Together we reflected on the connections between Mexico and Taiwan. The unexpected resonances left us amazed: how language imposition by colonial regimes has shaped an appreciation for multilingual environments; a desire to center indigenous peoples in the narrative of national history; a belief in unseen spirits, ghosts, and the living presence of the dead; experiences of multi-generational living and coexistence; an acute awareness of the struggles of rural areas, where many of us still have family.
You may be wondering: what exactly was I doing at a book fair in Mexico?
I recently tried to explain my new job to a buddy in Paris. I work for a publisher that received a government bid to promote Taiwanese children’s and comic books, I told him. Our task is to incentivize foreign publishers, from Europe to Southeast Asia to Latin America, to buy the rights to these books and translate them. Though I work for one publisher, I represent all publishers; my salary comes from the Ministry of Culture. What I took to be complex was to his mind simple.

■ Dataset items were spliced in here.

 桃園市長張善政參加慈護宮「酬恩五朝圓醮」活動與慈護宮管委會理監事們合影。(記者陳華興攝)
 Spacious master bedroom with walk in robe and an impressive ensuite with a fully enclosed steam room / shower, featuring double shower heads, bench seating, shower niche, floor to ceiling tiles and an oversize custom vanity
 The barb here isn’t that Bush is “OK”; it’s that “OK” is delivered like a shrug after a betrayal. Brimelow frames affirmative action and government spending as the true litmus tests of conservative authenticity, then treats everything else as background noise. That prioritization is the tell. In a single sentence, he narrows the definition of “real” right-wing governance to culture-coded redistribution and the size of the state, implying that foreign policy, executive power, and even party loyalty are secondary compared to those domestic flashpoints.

“Ah!” my friend replied. “So you work for the Taiwanese government?”
I don’t know why, but we both started laughing. Maybe because it’s a banal arc for a prison abolitionist, or maybe I’m too unfiltered and absent-minded to represent the government. Certainly nobody should ask me to safeguard an important document or state secret. Fortunately, there are no nuclear codes involved in my work. It feels, instead, very humble.
And yet I believe to the core of my being that these books are vital. When South Korea’s president declared martial law last week, my mind flew to beloved friends from Indigo, a nonprofit in Busan working to bring books to youth (and an indie bookstore). “Are you OK? I texted.” “Just shameful,” one of them replied. Then I remembered two lovely people I met at the Seoul Book Fair, founders of Seomdre. Before I even got this job, they’d translated the Taiwanese children’s book Once Upon a Time, a Train Came to the Island into Korean. A parable of martial law, it begins with a grandfather telling his grandchild about the train that took away people’s kids, loved ones, and anyone who didn’t obey—including the grandchild’s dad. “Over time,” he says, “people came to believe that, as long as they lived by the rules, the Great Train would make our little island better.”

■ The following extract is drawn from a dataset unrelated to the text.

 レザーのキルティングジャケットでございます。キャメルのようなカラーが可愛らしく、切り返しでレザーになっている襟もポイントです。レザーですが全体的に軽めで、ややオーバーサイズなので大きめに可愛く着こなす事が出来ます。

Though I love this book, it’s a tough sell, especially to American publishers who want happy stories about multi-hued animals getting along. But these Koreans loved it. “Our history, your history,” they said. “Very same.” (We spoke slowly in English and put our hands on our hearts.) Without even reading the last pages, we already knew what they said: “Now we can speak and sing freely. But if we let our guard down, the Great Train might return one day.”
Then the Korean couple handed me a white origami dove that matched the one in the book—because, they said, they knew the story was “very sad.”

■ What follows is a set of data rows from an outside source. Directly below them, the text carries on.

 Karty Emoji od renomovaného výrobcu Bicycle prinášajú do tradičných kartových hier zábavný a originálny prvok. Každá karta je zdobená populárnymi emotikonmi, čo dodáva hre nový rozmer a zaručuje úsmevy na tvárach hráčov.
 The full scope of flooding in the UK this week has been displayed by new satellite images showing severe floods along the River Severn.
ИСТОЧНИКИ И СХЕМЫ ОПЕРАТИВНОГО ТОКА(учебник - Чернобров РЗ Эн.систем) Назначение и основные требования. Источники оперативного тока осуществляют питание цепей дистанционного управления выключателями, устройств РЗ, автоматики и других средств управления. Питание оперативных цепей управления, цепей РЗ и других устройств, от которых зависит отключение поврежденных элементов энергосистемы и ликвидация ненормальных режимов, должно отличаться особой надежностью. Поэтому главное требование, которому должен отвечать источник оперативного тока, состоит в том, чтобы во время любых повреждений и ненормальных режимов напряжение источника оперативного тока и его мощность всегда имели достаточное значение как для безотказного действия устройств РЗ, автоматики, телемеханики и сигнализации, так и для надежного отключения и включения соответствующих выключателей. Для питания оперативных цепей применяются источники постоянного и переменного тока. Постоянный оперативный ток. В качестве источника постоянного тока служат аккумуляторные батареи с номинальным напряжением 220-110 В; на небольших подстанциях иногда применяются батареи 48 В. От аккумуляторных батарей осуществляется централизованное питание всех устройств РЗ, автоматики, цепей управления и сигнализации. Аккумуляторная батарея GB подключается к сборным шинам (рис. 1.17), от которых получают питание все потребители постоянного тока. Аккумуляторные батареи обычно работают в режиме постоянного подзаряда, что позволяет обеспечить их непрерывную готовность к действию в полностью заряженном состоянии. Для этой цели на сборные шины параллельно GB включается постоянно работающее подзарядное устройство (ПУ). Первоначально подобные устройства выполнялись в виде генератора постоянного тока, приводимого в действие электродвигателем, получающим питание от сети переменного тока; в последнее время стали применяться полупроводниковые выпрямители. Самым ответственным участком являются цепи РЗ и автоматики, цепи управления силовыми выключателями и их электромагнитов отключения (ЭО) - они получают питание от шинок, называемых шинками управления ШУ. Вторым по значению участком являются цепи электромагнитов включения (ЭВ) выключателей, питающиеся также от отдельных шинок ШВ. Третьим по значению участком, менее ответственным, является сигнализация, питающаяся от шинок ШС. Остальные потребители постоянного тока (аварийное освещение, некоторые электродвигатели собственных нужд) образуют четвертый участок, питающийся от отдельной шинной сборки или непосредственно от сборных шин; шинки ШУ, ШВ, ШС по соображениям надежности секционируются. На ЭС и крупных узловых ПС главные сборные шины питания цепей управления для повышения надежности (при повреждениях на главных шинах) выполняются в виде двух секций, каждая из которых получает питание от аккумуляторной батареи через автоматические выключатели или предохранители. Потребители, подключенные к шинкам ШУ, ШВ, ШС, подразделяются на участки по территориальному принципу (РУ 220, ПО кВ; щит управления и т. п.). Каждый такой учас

(Note: the English translations of the Mandarin Chinese text were done by Kirsten Han.)
Over my week in Guadalajara, I met so many women after my own heart—almost all older than me, with decades of experience in children’s publishing in Latin America. Mónica Bergna, founder of Alboroto, an indie publisher in Mexico City, told me the story behind a book called Mexique: in 1937, during the Spanish Civil War, 456 children of Spanish anti-fascist republican fighters were put on a boat, the Mexique, that traveled from Bordeaux to Mexico. (Mexico and the Soviet Union were the only countries in the world to grant these children asylum.) The children were only supposed to stay in Mexico for a few months, but the war continued and many never saw their parents again.
Though the book is years old and Mónica has probably told this story hundreds of times, she nearly wiped away a tear telling me about it. I tried to picture putting my five-year-daughter on a boat to cross the ocean, knowing I might never see her again—unsure whether she’d survive or drown, whether anyone would feed and shelter her if she did land in one piece. I couldn’t follow through with the mental exercise; something in my mind stopped working. Which is, I think, why we need books like this—to coax our minds into imagining what others have gone through.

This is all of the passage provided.